Friday, August 12, 2011

An Open Letter to the Orthopedic, Podiatric and Adjunct Members of the Medical Community, On the Topic of Adult Post-Club Feet


What follows is an open letter to doctors of all kinds who have treated any adult with post-club feet. If you agree with what is contained herein, I hope you copy this letter and pass it on to those very doctors. The more voices of clubbies I hear, speaking with astonishingly similar life experiences, of the chronic pain and the multiple failed surgeries and other treatments, the more I am convinced it is up to us to shake the medical community out of its complacency and certainty. Its time they had cause to start learning from us, from the failures repeatedly being foisted on so many of us. We deserve better.We deserve to be heard.Loudly, if necessary.

You should feel free to copy the letter, sign your own name to it, change the age for better accuracy if you like. This is an open source piece of software, and I urge you to share it, pass it on. Make our voices heard.

Notumbo



Dear Doctors,

At the age of 16, I, like thousands of other kids born with talipes equino varus/valgus, I was shown the door by my pediatric orthopedist and pronounced cured. Yes, he used that exact word. Yet by the time I was 19, my real problems began, and have continued, with slight variations, to plague me with chronic pain, and increasing limitations, ever since. I am now 58 years old, and my knees have begun to succumb to the decades of pathomechanic deterioration. Yet, despite many, many attempts to get real relief, the only “solution” offered up by countless doctors is a triple arthrodesis – a fusion. Or maybe some hardware, or maybe another tendon transfer, or maybe something that will serve to build up even more scar tissue. This despite all the literature that demonstrates such a procedure (a fusion) would offer me five, maybe ten years of relief. Then, my ankles, knees, hips, back…They would all eventually deteriorate, and since such a prospect is already inevitable without such a fusion, I cannot see why it makes a bit of sense to follow such advice.

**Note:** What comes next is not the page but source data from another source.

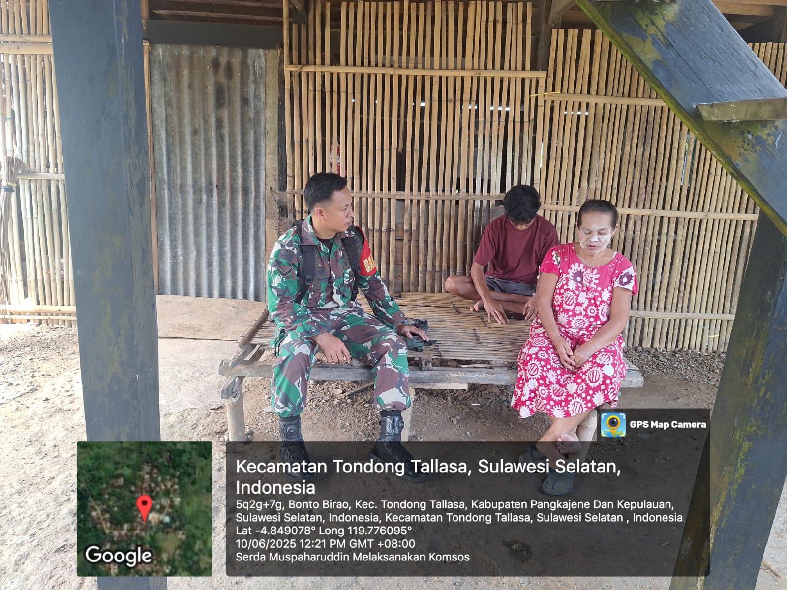 ANALISASIBER. COM. Pangkep, 9 Juni 2025 – Dalam upaya mempererat hubungan serta menjaga kondusifitas di tengah masyarakat, Babinsa Desa Tondongkura, Serda Anwar Tiwi, melaksanakan kegiatan Komunikasi Sosial (Komsos) dengan warga binaannya. Kegiatan ini berlangsung pada hari Senin, 09 Juni 2025 pukul 09.00 Wita, bertempat di kediaman Bapak Wahyu, warga Dusun Maccini Baji, Desa Tondongkura, Kecamatan Tondong Tallasa, Kabupaten Pangkep.
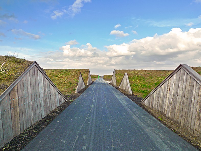 Bu çukurların yanı sıra sırtlar arasında kalan bir metrelik geniş yollar, Hoofddorp'dan gelen ziyaretçiler için yürüyüş yolları olarak kullanılmakta. Zemin sırtları, optimum ses azaltımı için ses dalgalarına dik olarak yerleştirilir. Bu, Haarlemmermeer-polder'ın düzenli ızgarasıyla ilginç bir bağlantı yaratan bir forma yol açmış.
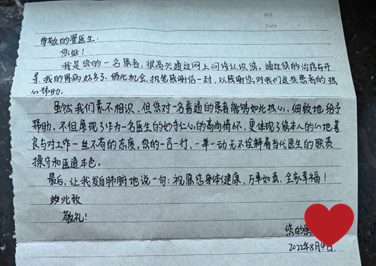 患者孙女士(化名)在我院互联网医院挂号时预约到翟兴红医生的号源,从此开启了线上医患交流模式,“虽然我们素不相识,但您对一名普通的患者如此热心。”孙女士在翟医生的治疗与开导下,胃病明显缓解,特地手写了一封感谢信送到了医院。两位患者用心写下的“感谢信”,即是对翟医生最大的认可和肯定。
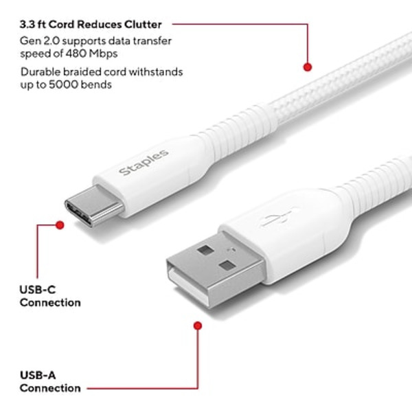 Staples TECH USB-C to USB-A Charging Cable - White
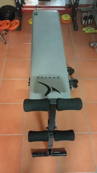 Set de pesas Domyos con maletín para guardarlas y transportarlas fácilmente. - Incluye dos barras cortas. - Incluye una barra larga. - Incluye varios tipos de discos de pesos diferente para colocar a tu gusto. - Incluye 4 cierres para las barras. El producto se encuentra en Arganda del Rey A3
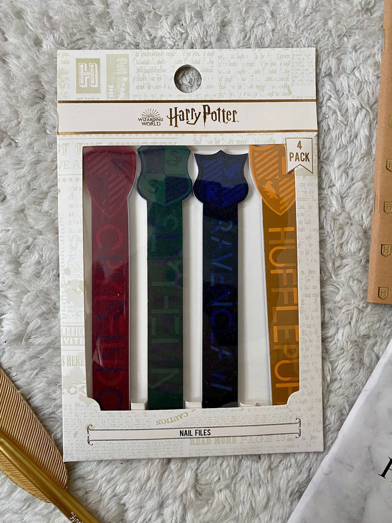 Pilníky na nehty v designu bradavických kolejí - Havraspár, Mrzimor, Nebelvír a Zmijozel. Sada obsahuje všechny 4 pilníky. przeczytaj całość
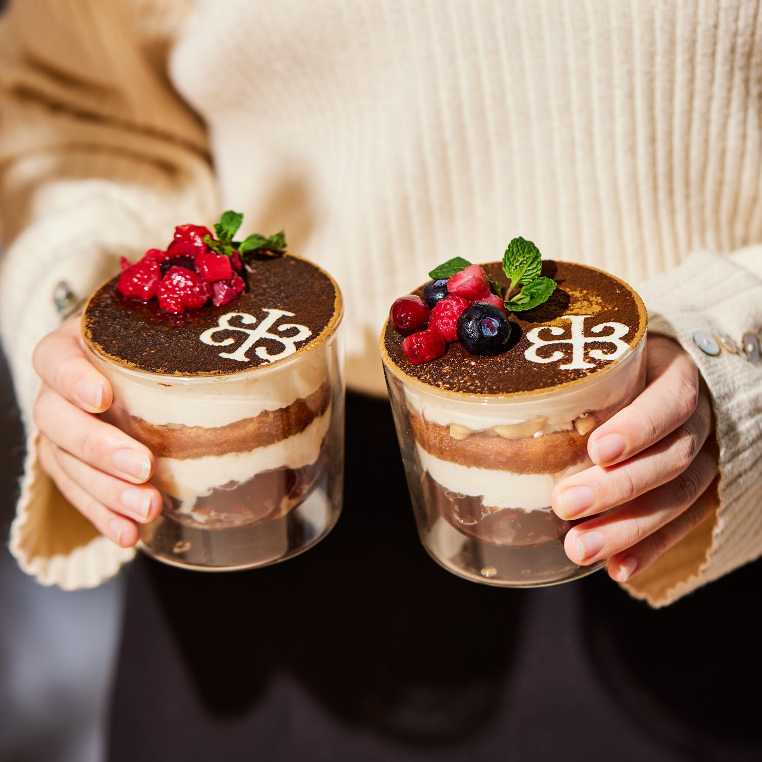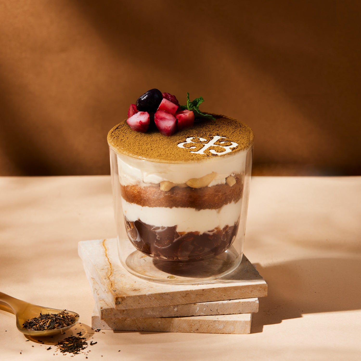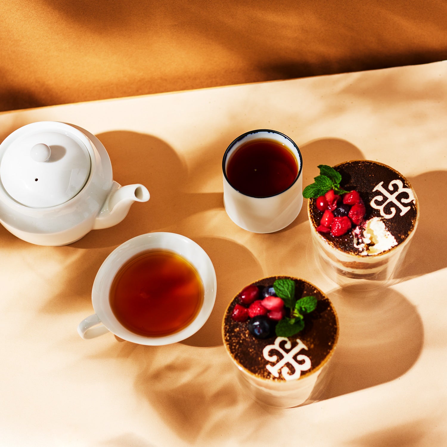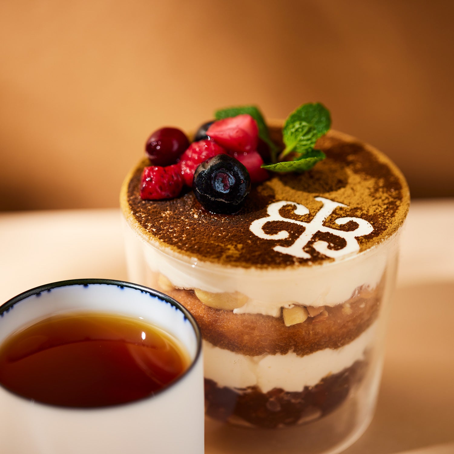 THREE TEA CAFEにお茶を使った冬の新作スイーツ「和紅茶ティラミス」が登場。温暖な気候で育った茶葉特有の甘みとコクを感じる九州産の和紅茶を使い、香り華やかなティラミスに仕上げました。マスカルポーネを贅沢に使用したなめらかなクリームと、優しい甘さの和紅茶シロップがたっぷりしみ込んだスポンジ生地、食感のアクセントにミックスナッツを重ねています。食べ応えはありながらも、下層の和紅茶ゼリーのつるんとしたのど越しで後味はさっぱりと召し上がっていただけます。

You see, here’s the problem we adults with post-club feet face, daily. We live in near-constant pain. We live with the knowledge that things are only going to continue downhill from here. We live with professionals giving us advice that is not based on any real research. We live knowing that the pediatric medical community and the adult medical communities never really speak to each other, at least not in the instance of talipes. The literature demonstrates this failure. With only two exceptions – a study by doctors utilizing the Ponsetti technique, and another by Dobbs, et. al., there is little evidence that, once we clubbies, as many of us refer to ourselves, are seen as a resource for learning better approaches to the treatment of club feet. And, we live hearing the parents of new children born with talipes wanting reassurances, yet not being told their child has a nearly equal chance of living their life with chronic pain. This is a grave disservice to those children, and a lie to their parents. Because one day, when their child is twenty, thirty, forty years old, they will learn how they were deceived. And if my mother is any indication, they are either going to be very angry, or they are going to feel deep guilt that maybe they should have sought other solutions.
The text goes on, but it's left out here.